> _Information provided_:
——————

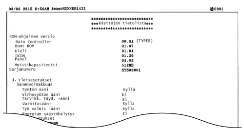 Tämä lista ei sisällä asetustietoja kohdista <Verkkoasetukset> ja <Järjestelmän hallinta-asetukset>. Tarkistaaksesi kaikki asetusnimikkeet, tulosta Järjestelmänvalvojan tietolista.
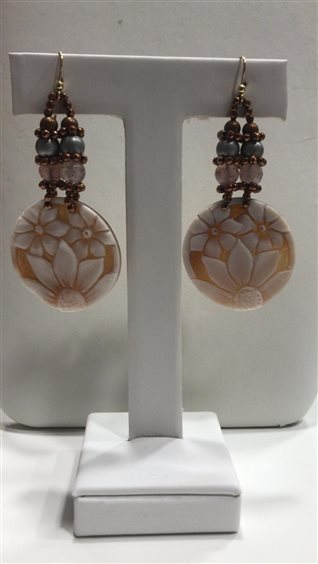 ORECCHINI RAJOLA MALIA IN ORO GIALLO CON PERLE DI EMATITE BRONZO QUARZO ROSA E CAMMERO.
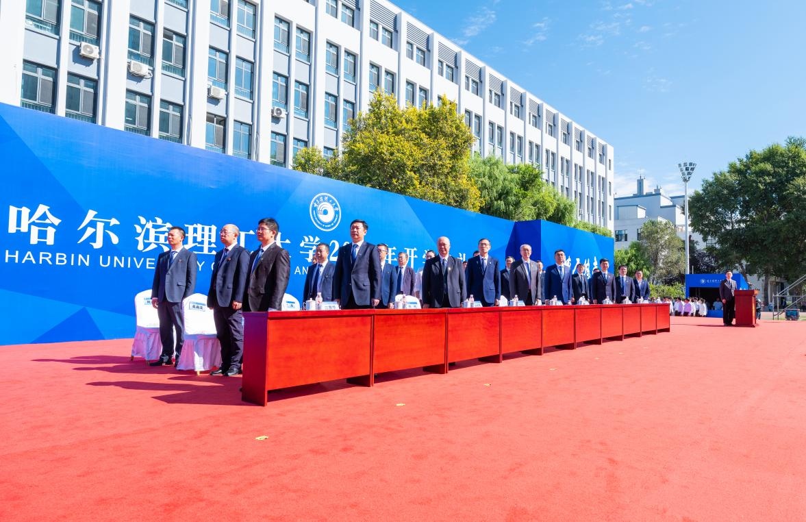 党委书记赵琳,校长刘侠,党委副书记、工会主席郭加利,党委副书记赵水杉,党委常委、纪委书记、监察专员孙树海,党委常委、副校长臧永军、杜军、林屹、周宏根,校长助理江赛华,特邀嘉宾、2025年全国劳动模范、太阳成官网电机制造与运行专业1998级校友、哈尔滨变压器有限责任公司总工程师兼技术研发中心主任钱同来出席典礼。典礼由赵水杉主持。
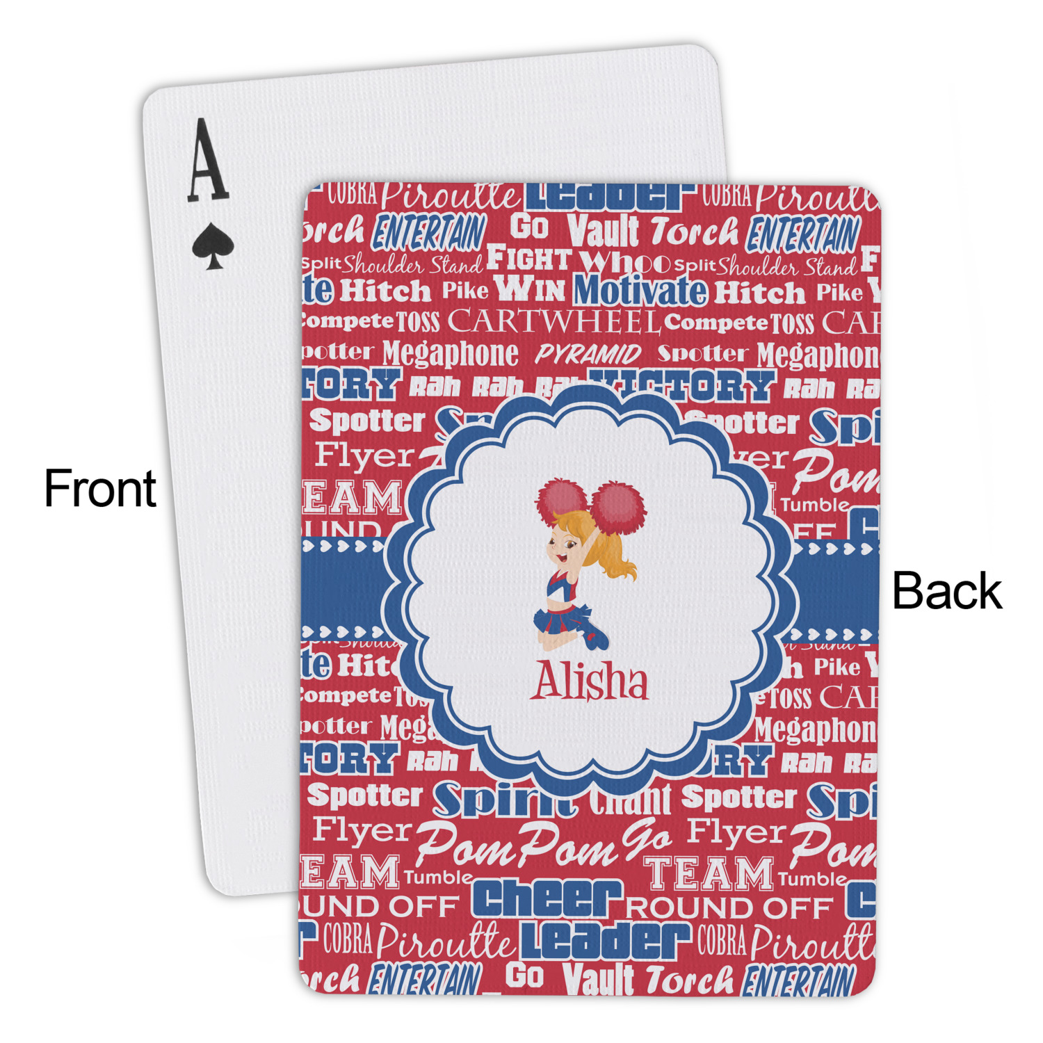 The customization / personalization is printed on the back side. The playing cards have a low gloss coating on both sides. The cards are packaged in a clear plastic box.

——————

> _Assignment_:
Word for word, restate only the lines from the one bearing "党委书记赵琳,校长刘侠,党委" through the final line of the listing, inclusive, with no pictures.

> _Output of the task_:
 党委书记赵琳,校长刘侠,党委副书记、工会主席郭加利,党委副书记赵水杉,党委常委、纪委书记、监察专员孙树海,党委常委、副校长臧永军、杜军、林屹、周宏根,校长助理江赛华,特邀嘉宾、2025年全国劳动模范、太阳成官网电机制造与运行专业1998级校友、哈尔滨变压器有限责任公司总工程师兼技术研发中心主任钱同来出席典礼。典礼由赵水杉主持。
 The customization / personalization is printed on the back side. The playing cards have a low gloss coating on both sides. The cards are packaged in a clear plastic box.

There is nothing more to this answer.